Have you ever built a smart chatbot, only to find it forgets your conversation after just a couple of messages? You might ask it to analyze some data, then say, “Can you adjust that last calculation?”, but it gets confused because it lost the context. From what I’ve seen, integrating memory to AI agents is the biggest step you can take to move from simple, stateless scripts to building reliable, independent assistants.
When you start building AI agents for real-world use, you quickly realize that intelligence without context doesn’t get you very far. Today, I’ll show you how to build an agent that can remember.
Unpacking Agent Memory
First, it’s important to know that an AI model doesn’t really “remember” anything by itself. Each time you send a prompt, it starts from scratch. To give an agent memory, we need to bring past information into the current conversation.
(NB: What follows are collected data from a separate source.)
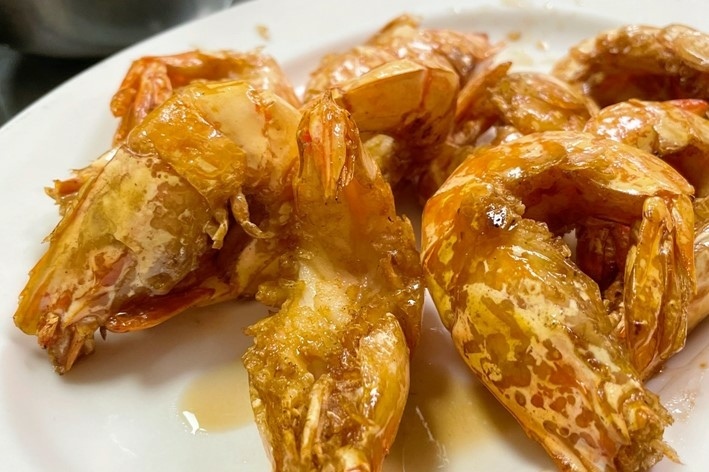 草蝦也和螃蟹一樣是稱重的,生抽蝦是大排檔很常出現的料理,炸過的大草蝦用醬油乾燒上醬色, (就是台灣的淺色醬油淺淺上色),淺淺的醍醐味,點出新鮮蝦的鮮美!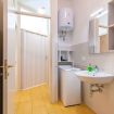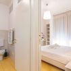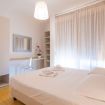 La camera da letto è composta di letto matrimoniale, scrivania e libreria, un armadio e una luminosa porta finestra. Infine il bagno è dotato di doccia, bidet, lavandino con specchio e lavatrice. L’appartamento è inoltre provvisto di aria condizionata, lavastoviglie, microonde, phon e WI-FI.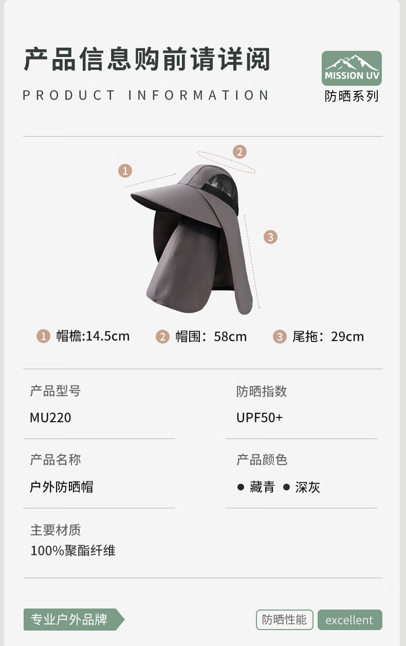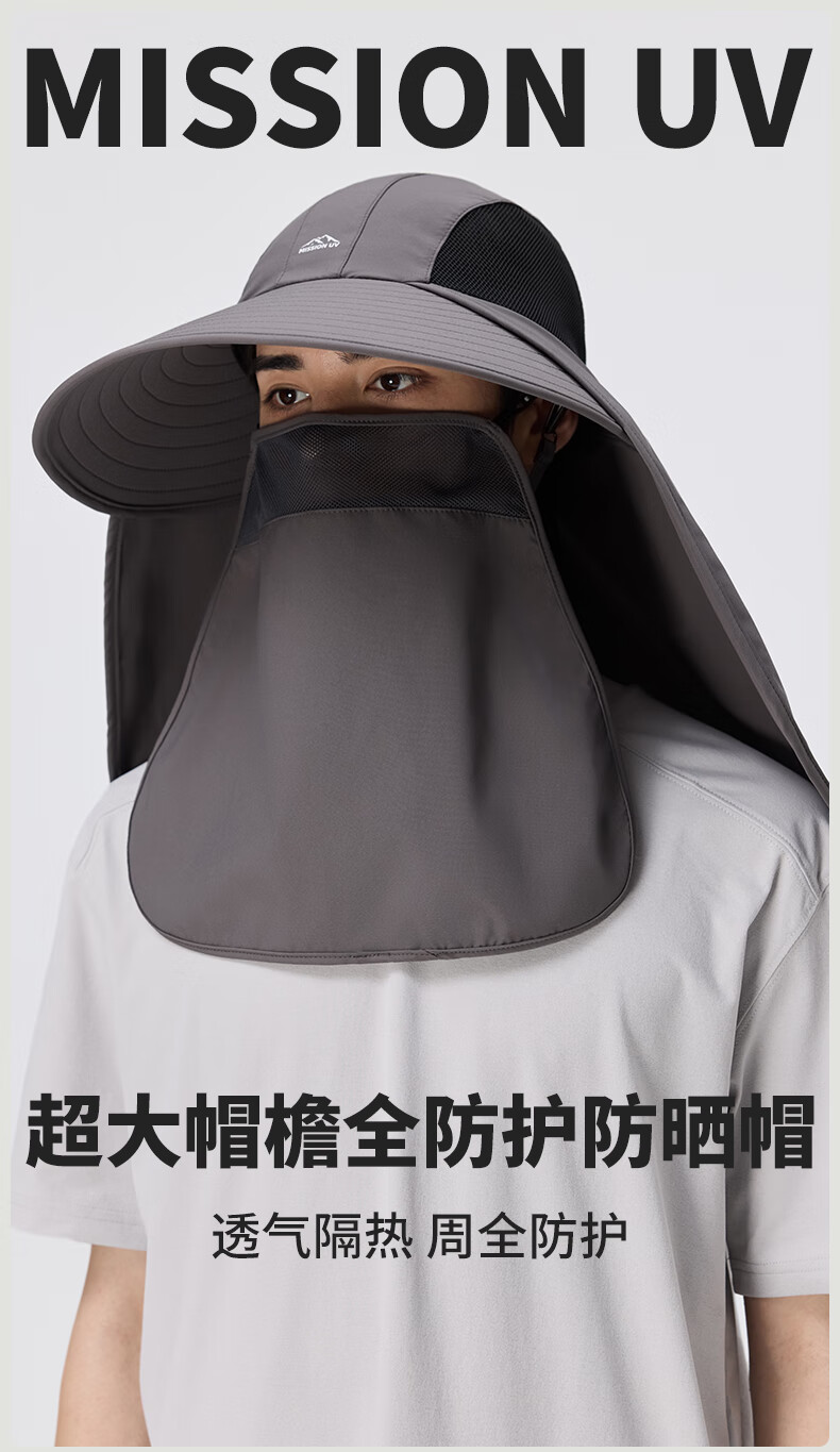MISSION UV 防晒帽男带面罩遮阳帽钓鱼渔夫帽MU272

In the AI ecosystem, we generally divide memory into three distinct categories:
- Short-Term Memory: This is your agent’s immediate context, like a chat history. It helps the agent keep track of a single conversation. But since Language Models (LLMs) have token limits, you can’t put endless chat history into short-term memory without slowing things down or causing errors.
- Long-Term Memory: This lets an agent keep information over many days, sessions, or projects. We do this by turning text into numbers, called embeddings, and saving them in a Vector Database.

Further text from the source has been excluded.